— WORK REQUEST —
Could you copy exactly the lines from the start of the records through the one containing "批发复古制造商彼得潘领红色减肥舞会礼服", both included, and leave out the pictures?

Collected data
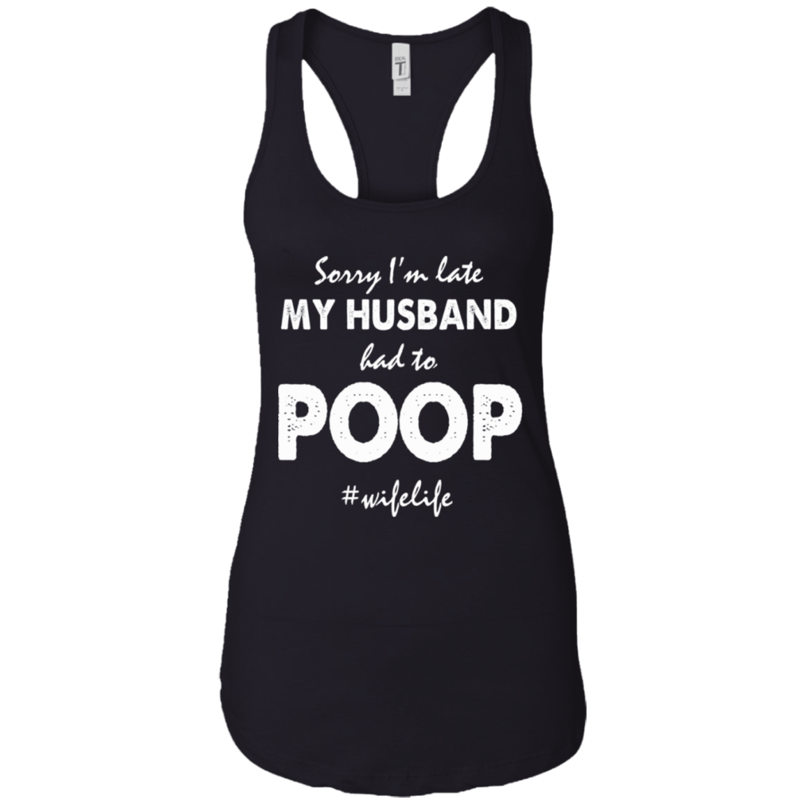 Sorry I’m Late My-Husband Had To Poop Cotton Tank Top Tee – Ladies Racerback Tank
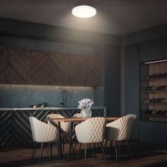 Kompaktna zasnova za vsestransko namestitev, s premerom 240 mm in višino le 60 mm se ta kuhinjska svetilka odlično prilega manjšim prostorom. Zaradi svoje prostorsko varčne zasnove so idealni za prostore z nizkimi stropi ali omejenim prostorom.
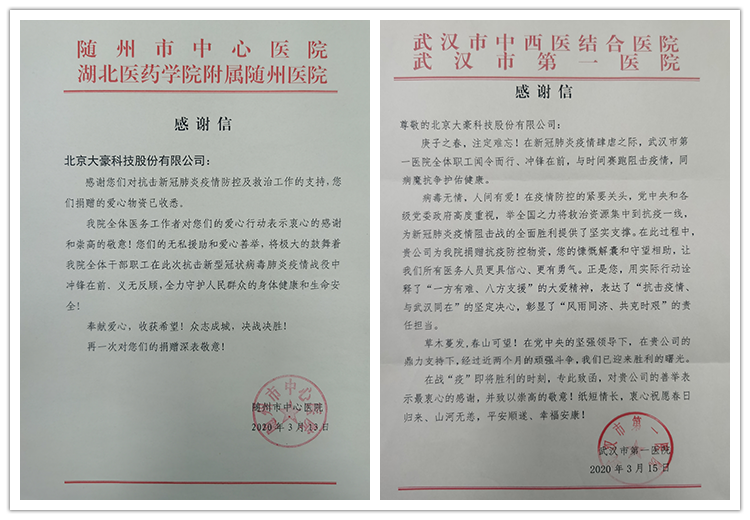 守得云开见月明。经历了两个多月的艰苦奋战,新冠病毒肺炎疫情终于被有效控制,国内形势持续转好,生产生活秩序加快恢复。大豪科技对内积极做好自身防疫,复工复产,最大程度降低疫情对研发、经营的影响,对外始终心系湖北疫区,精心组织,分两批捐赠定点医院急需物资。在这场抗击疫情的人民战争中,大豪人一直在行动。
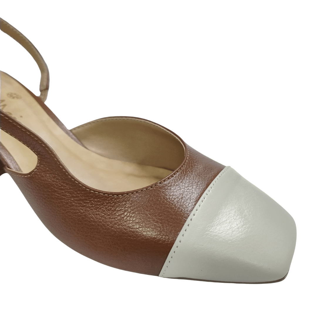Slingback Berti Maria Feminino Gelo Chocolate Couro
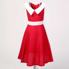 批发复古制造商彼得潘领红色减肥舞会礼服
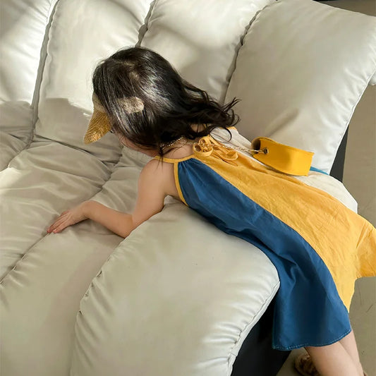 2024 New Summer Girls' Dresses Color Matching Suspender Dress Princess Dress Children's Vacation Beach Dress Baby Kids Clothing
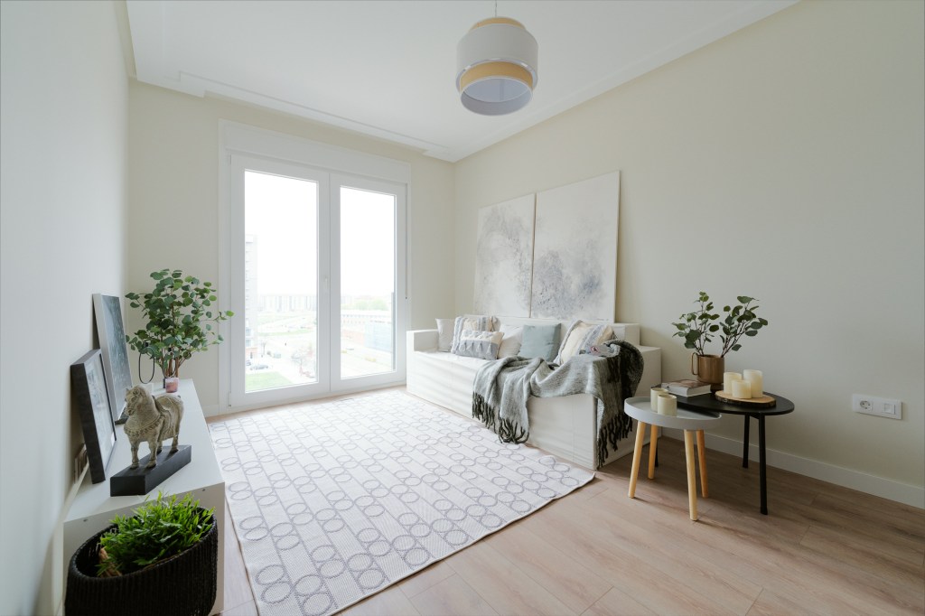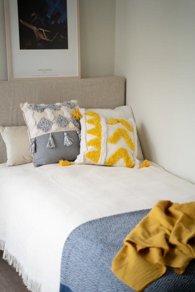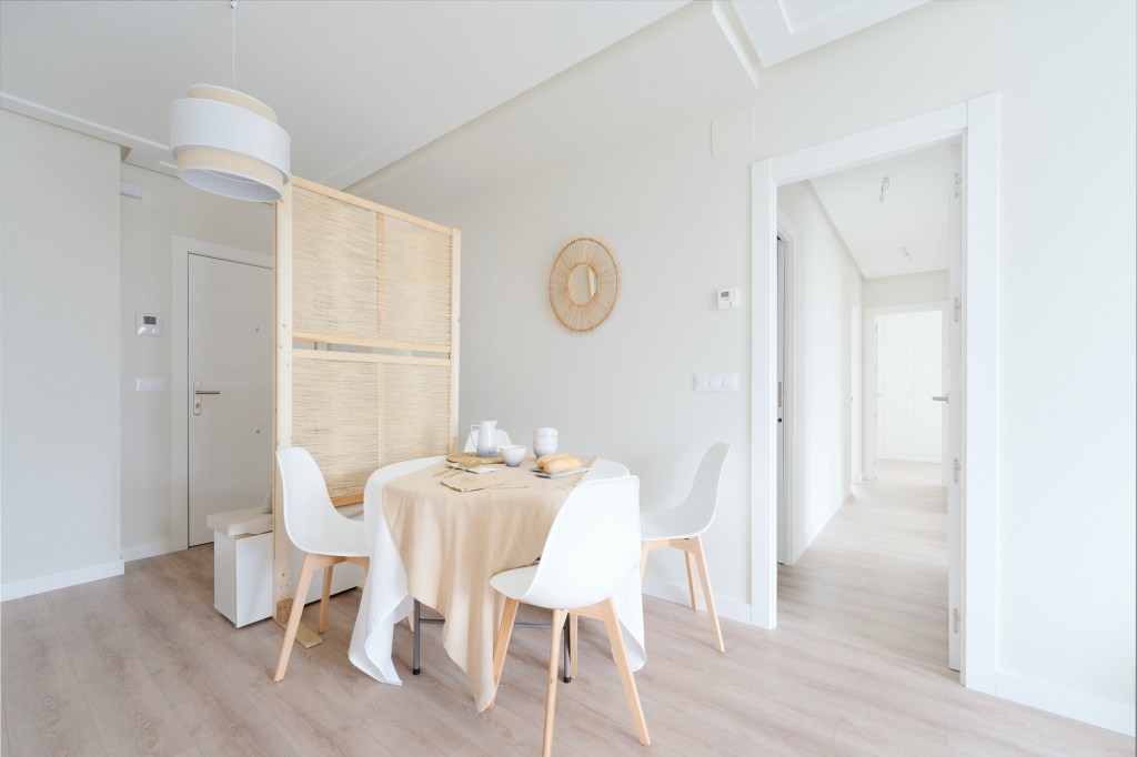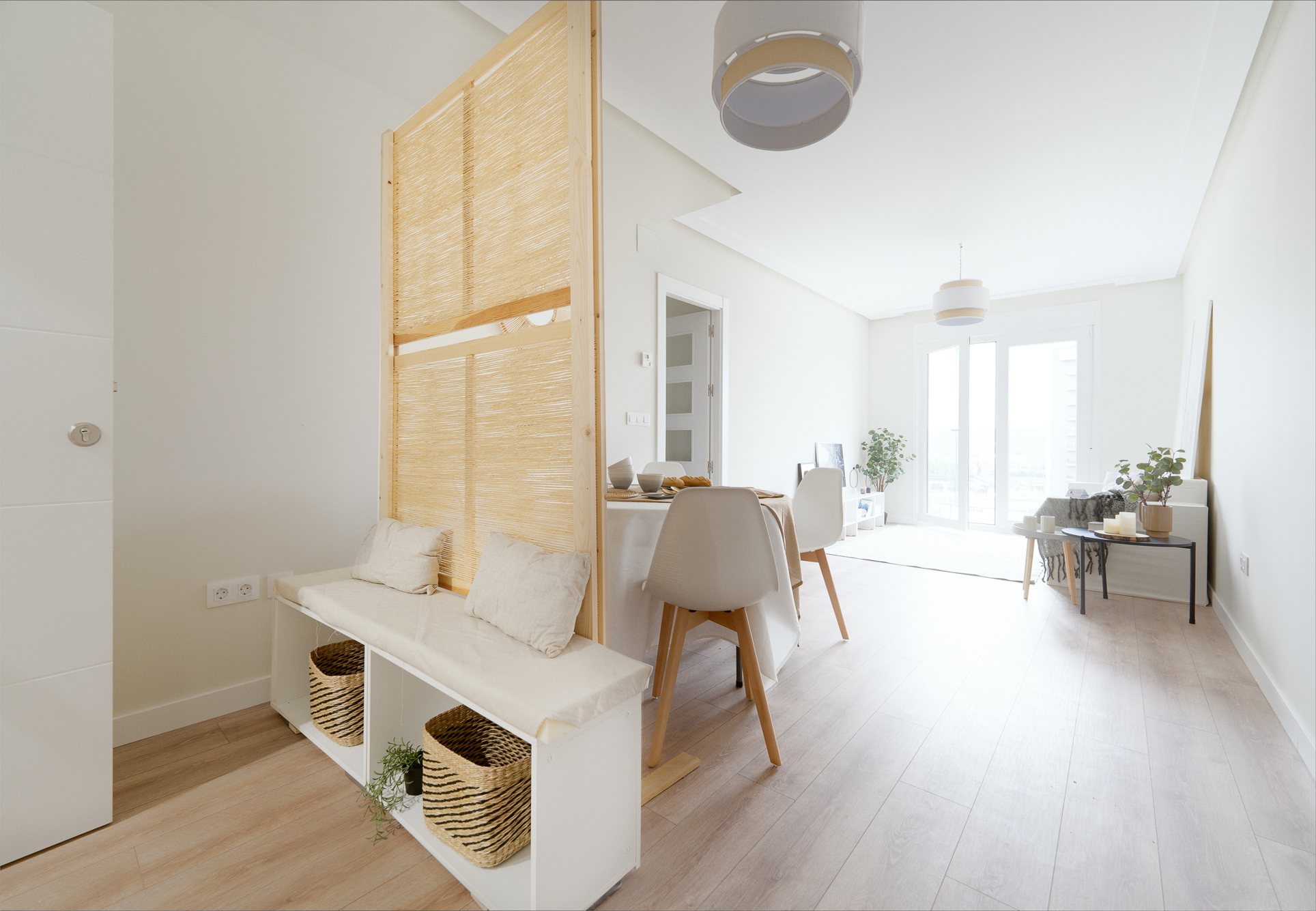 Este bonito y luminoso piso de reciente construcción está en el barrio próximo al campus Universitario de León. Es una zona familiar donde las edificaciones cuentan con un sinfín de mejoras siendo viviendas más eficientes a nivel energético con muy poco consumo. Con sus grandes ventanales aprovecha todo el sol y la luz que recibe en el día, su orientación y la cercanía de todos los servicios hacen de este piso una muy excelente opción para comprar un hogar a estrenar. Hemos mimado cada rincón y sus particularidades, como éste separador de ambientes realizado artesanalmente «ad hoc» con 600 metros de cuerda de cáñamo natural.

— RESULT —
 Sorry I’m Late My-Husband Had To Poop Cotton Tank Top Tee – Ladies Racerback Tank
 Kompaktna zasnova za vsestransko namestitev, s premerom 240 mm in višino le 60 mm se ta kuhinjska svetilka odlično prilega manjšim prostorom. Zaradi svoje prostorsko varčne zasnove so idealni za prostore z nizkimi stropi ali omejenim prostorom.
 守得云开见月明。经历了两个多月的艰苦奋战,新冠病毒肺炎疫情终于被有效控制,国内形势持续转好,生产生活秩序加快恢复。大豪科技对内积极做好自身防疫,复工复产,最大程度降低疫情对研发、经营的影响,对外始终心系湖北疫区,精心组织,分两批捐赠定点医院急需物资。在这场抗击疫情的人民战争中,大豪人一直在行动。
Slingback Berti Maria Feminino Gelo Chocolate Couro
 批发复古制造商彼得潘领红色减肥舞会礼服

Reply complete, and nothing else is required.